Today, there are fifty acres of cranberry-producing land on the property. Though bogs can form naturally near the edge of a lake or stream, the Peters family has made their own by using dirt to form three- to four-foot-high dykes to trap water, creating half-acre to five-acre bogs.

From left, Whit Peters; his wife, Samantha; their sons William, 4, and Warren, 6; Whit’s mother, Sara Osborne; and her husband, Steve, stand in front of a cranberry bog at Peters’ Cranberries in Sixes.

Cranberries are a perennial plant that can live for quite a long time. Some of Peters’ plants are more than forty years old. After harvest, the small green plants turn the color of the berries and lose some of their leaves. “You can tell they’re sleeping,” Peters said. They “wake up” in April and produce a riot of tiny pink flowers in June, and the fruit begins developing soon afterward.

During the summer, Peters is busy managing fertilizing and watering. His job is a lot of “just trying to talk to the darn things and figure out what they want at a given time so I can grow a good, healthy crop.” If he feeds them before they’re hungry, they won’t produce as many berries. (He keeps a growing journal to try and refine the best times to fertilize.) The plants should stay moist during the summer, but not be sopping wet.

Cranberries need a lot of water when they’re ripe and ready to be harvested. In October, Peters floods the bogs and cuts the vines at the base so they float to the top. A machine called a beater (“it looks like a paint roller before the cover is put on”) spins through the vines and gently knocks the fruit from the plants. The floating red berries are corralled with a chain of fat panels called boom boards. The fruit is raked onto a ramp called an elevator and loaded into containers for transport.

Whit Peters keeps a journal to refine the best times to fertilize his cranberry crops.

In an average year, Peters will produce around a million pounds of fruit—a fraction of the 54 million pounds produced by about 124 mostly family-owned farms on 2,400 acres in Oregon, according to the Cranberry Marketing Committee. Some of the fruit is sold through farmers’ markets or special orders, but most of it goes to large companies that use it for juice, sauce and other products.

The goal is always to finish the harvest right before Thanksgiving, so the family can have some time off during the holidays. As a child, Peters didn’t understand how challenging farming can be. “It’s unpredictable. I can do everything exactly the same, but the weather’s not going to be the same that year,” he said. Market forces, including the ever-changing supply and demand for cranberries, also make the business harder.

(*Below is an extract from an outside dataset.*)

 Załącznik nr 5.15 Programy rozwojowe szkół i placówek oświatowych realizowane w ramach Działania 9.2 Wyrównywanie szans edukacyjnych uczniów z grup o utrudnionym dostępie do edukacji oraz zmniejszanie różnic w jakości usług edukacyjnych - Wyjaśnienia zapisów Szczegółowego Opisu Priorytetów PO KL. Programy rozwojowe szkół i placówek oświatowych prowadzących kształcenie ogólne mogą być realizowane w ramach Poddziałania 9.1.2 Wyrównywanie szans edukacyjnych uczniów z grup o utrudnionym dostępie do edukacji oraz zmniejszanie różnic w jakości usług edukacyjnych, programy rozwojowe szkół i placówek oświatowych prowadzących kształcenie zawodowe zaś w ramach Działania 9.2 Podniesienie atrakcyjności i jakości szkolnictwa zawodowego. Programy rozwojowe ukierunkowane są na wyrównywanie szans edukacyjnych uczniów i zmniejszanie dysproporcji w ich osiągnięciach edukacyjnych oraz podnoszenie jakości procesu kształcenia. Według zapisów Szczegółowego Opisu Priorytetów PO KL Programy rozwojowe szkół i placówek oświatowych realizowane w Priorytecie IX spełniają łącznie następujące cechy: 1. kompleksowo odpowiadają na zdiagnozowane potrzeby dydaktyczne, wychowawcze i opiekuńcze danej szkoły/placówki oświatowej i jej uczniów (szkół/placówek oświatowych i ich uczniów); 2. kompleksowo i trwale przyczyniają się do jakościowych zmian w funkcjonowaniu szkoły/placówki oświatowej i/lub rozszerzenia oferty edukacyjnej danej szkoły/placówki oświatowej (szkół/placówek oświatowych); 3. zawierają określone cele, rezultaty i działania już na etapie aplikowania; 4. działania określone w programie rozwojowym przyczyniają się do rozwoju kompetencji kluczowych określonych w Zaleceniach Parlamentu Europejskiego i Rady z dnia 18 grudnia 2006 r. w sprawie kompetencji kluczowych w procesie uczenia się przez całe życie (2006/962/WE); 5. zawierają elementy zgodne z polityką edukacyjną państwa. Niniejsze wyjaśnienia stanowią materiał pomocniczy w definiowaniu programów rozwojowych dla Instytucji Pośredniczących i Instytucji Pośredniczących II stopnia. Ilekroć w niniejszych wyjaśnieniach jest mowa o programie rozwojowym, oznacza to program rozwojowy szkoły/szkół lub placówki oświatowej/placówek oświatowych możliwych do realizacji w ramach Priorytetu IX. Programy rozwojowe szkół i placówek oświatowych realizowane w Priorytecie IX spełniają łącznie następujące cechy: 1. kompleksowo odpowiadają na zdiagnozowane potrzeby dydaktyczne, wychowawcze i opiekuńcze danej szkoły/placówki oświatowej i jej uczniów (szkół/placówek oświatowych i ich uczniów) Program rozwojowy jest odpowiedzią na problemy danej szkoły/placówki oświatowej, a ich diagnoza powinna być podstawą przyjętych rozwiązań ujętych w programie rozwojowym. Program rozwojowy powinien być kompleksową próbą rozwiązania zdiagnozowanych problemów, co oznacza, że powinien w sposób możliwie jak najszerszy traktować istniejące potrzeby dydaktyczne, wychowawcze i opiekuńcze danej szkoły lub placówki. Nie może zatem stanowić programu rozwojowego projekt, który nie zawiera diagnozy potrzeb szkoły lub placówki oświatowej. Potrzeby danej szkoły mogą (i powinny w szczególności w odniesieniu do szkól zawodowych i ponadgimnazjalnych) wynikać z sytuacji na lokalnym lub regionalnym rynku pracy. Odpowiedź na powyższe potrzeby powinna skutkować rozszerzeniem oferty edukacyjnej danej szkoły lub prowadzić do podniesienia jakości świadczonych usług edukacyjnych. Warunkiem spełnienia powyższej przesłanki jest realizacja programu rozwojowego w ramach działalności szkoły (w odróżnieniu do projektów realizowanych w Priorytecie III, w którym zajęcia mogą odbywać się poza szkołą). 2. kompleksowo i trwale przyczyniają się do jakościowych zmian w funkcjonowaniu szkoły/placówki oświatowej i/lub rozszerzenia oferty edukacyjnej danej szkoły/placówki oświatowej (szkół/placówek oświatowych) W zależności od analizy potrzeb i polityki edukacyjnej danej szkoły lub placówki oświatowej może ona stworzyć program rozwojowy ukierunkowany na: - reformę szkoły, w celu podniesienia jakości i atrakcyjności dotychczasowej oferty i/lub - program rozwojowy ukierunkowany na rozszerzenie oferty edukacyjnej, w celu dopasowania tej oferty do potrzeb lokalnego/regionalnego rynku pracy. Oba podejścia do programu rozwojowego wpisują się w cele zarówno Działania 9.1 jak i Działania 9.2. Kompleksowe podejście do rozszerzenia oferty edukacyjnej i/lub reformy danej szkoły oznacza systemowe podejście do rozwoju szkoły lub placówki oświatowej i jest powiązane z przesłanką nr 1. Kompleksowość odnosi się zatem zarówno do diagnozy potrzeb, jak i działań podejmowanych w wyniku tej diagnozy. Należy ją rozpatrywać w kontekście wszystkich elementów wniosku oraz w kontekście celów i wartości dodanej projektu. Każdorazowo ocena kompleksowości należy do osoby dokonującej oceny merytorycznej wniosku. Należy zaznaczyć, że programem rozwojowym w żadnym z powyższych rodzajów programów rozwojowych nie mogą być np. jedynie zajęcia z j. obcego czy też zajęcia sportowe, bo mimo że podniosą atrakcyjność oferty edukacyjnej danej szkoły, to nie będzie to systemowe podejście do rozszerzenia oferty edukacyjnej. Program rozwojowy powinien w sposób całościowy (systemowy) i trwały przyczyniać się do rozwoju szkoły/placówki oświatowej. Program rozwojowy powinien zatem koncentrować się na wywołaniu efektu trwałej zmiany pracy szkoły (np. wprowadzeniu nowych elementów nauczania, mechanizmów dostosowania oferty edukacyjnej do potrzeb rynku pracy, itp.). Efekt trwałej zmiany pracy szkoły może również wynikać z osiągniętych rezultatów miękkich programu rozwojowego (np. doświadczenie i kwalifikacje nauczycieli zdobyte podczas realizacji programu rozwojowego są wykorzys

But Peters still dreams that his own boys—ages 6 and 4—will carry on the family tradition someday. “Cranberries are an amazing fruit, and I hope people find fun things to do with them all year round, not just Thanksgiving and Christmas,” said the farmer. Peters makes his own juice, jam and chutney which he can store and savor long after the cranberry harvest is over.

Cranberry juice and jams at Peters’ Cranberries farm stand.

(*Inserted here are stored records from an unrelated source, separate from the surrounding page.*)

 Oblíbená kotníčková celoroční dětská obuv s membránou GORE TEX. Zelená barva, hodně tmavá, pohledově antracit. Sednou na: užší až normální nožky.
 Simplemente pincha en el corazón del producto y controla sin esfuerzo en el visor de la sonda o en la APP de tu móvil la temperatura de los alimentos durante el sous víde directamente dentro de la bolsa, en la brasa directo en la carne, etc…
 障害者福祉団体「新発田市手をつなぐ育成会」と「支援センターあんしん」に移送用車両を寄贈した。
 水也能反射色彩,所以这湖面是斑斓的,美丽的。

Oregon chefs also have suggestions for noshing cranberries no matter the season. Karl Holl, culinary director of Smith Teamaker in Portland and founder of Forager Goods & Company, makes a compound butter with roasted cranberries. He recommended topping steak with it, although it can be used in multiple ways. “It’s especially tasty under the skin of turkey or chicken and over roasted vegetables,” he said.

Michael Zeman, chef at Dóttir, Kex hotel’s restaurant in Portland, grills cranberries and adds them to a salad with beans and smoked carrots. “This salad is all about getting everything ready ahead of time so that when your guests arrive, you can have a beautiful dish on the table in a flash,” he said.

Never one for the conventional, Tyler Malek, co-owner of Salt & Straw, adds cranberry and apple stuffing to ice cream—a thoroughly Oregon way to use a thoroughly Oregon fruit.